-- Opening Marker --
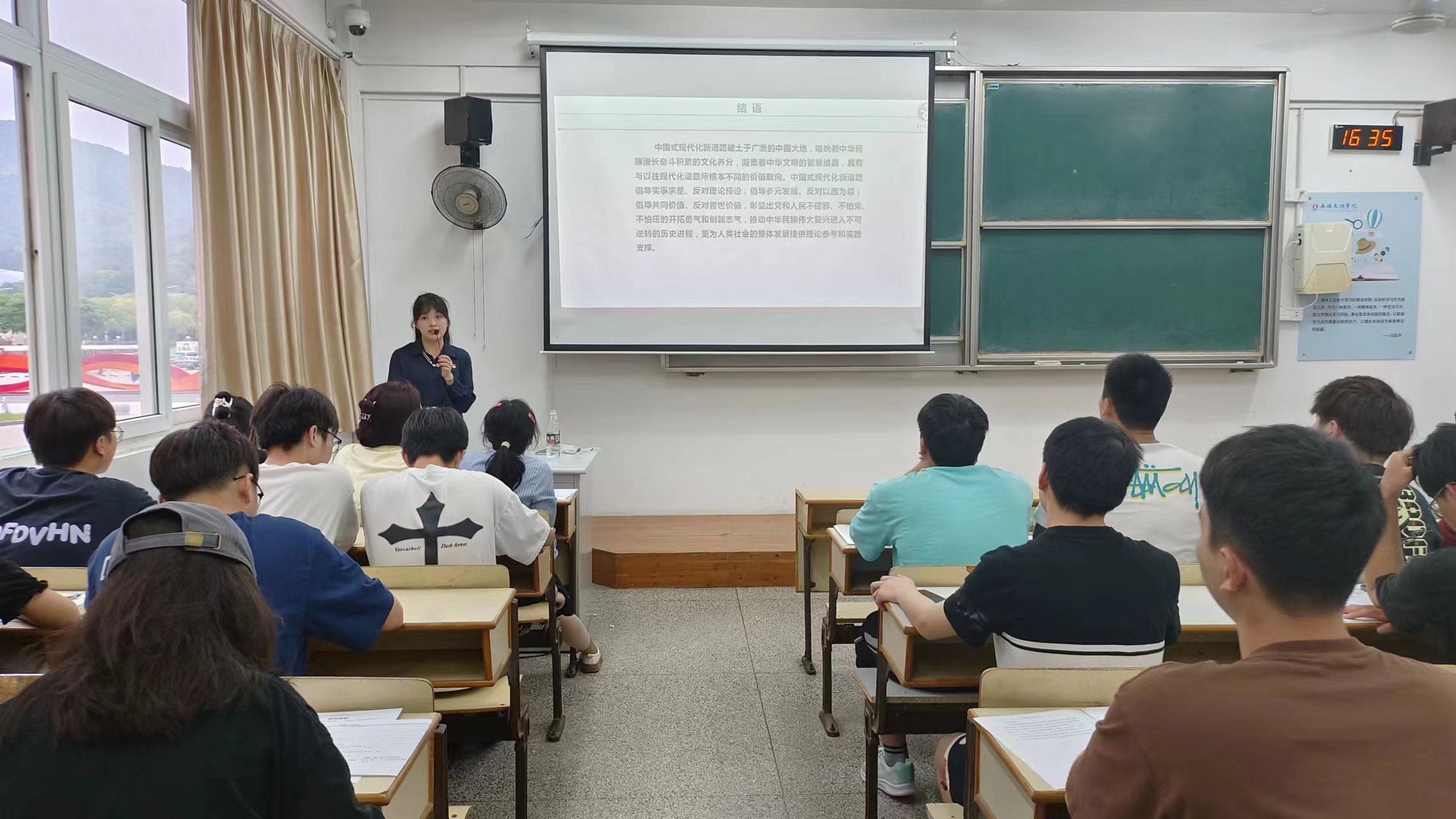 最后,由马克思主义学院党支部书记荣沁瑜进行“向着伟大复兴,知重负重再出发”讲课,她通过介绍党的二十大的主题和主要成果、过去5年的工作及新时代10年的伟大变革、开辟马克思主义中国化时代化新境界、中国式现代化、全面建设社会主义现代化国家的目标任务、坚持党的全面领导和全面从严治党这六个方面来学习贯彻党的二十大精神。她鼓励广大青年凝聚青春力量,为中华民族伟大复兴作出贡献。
-- Closing Marker --
-- Opening Marker --
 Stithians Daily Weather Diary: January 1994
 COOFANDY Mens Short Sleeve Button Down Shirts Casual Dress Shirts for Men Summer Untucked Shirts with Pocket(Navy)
-- Closing Marker --
**Task goal**
Above are some records; copy exactly the lines from the one with "Stithians Daily Weather Diary: January 1994" through the one with "COOFANDY Mens Short", both included, and no others.

**Answer to the problem**
 Stithians Daily Weather Diary: January 1994
 COOFANDY Mens Short Sleeve Button Down Shirts Casual Dress Shirts for Men Summer Untucked Shirts with Pocket(Navy)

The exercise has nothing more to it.